#### [Records for the exercise]
»»
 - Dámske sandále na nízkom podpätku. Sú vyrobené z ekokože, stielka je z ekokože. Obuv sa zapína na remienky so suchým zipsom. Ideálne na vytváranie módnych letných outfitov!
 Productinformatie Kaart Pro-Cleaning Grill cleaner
««
»»
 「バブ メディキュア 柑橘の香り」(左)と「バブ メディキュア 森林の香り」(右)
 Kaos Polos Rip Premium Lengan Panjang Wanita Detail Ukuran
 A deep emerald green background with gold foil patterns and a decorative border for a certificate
««
#### [Task instructions]
Go to the line in the material above that contains "Kaos Polos Rip" and copy exactly from there through the line that contains "A deep emerald", stopping after it.

#### [Result of the exercise]
 Kaos Polos Rip Premium Lengan Panjang Wanita Detail Ukuran
 A deep emerald green background with gold foil patterns and a decorative border for a certificate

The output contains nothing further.